═══ Dataset content

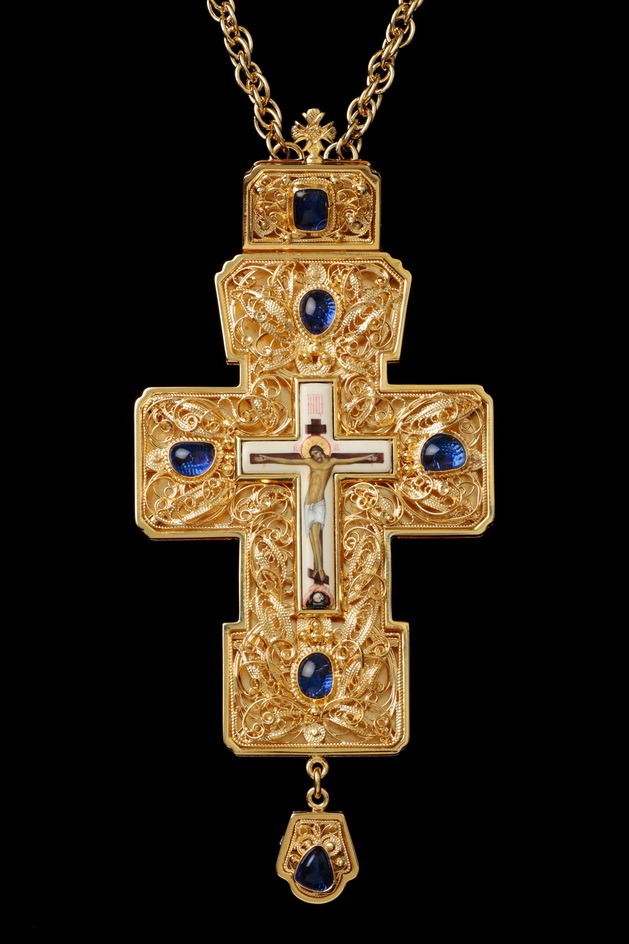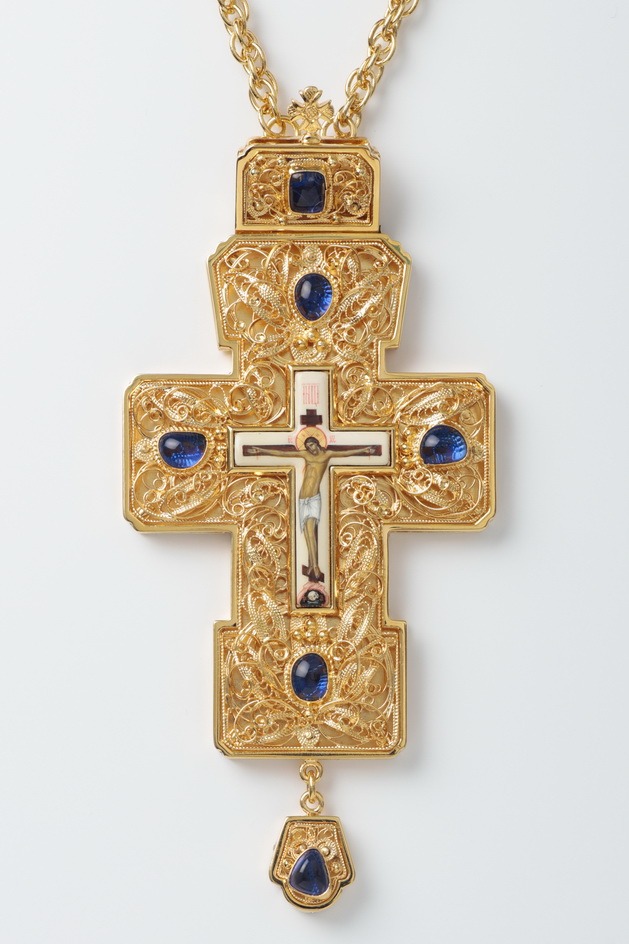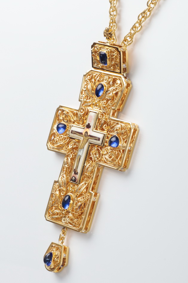 Крест наперсный филигрань №0026 / Фианиты двойной рант живопись / золочение
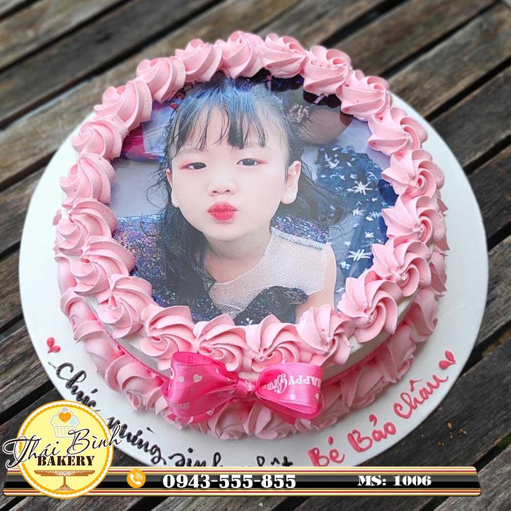 Bánh kem "Bánh kem in ảnh con yêu xoáy hoa kem đơn giản, ý nghĩa tặng con yêu Trâm Anh Handmade của thái bình bakery quà tặng có giá trị độc đáo, gây ấn tượng cho ngày Sinh Nhật, Làm cho Bữa tiệc của Bạn thêm vui vẻ và ấm áp
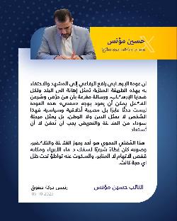 رئيس حركة حقوق النائب حسين مؤنس: عودة الارهابي رافع الرفاعي تمثل اهانة للبلد ولكل ضحايا الارهاب

══════

▸ Problem description
Give all the lines above again, character for character, without pictures.

▸ Written reply
 Крест наперсный филигрань №0026 / Фианиты двойной рант живопись / золочение
 Bánh kem "Bánh kem in ảnh con yêu xoáy hoa kem đơn giản, ý nghĩa tặng con yêu Trâm Anh Handmade của thái bình bakery quà tặng có giá trị độc đáo, gây ấn tượng cho ngày Sinh Nhật, Làm cho Bữa tiệc của Bạn thêm vui vẻ và ấm áp
 رئيس حركة حقوق النائب حسين مؤنس: عودة الارهابي رافع الرفاعي تمثل اهانة للبلد ولكل ضحايا الارهاب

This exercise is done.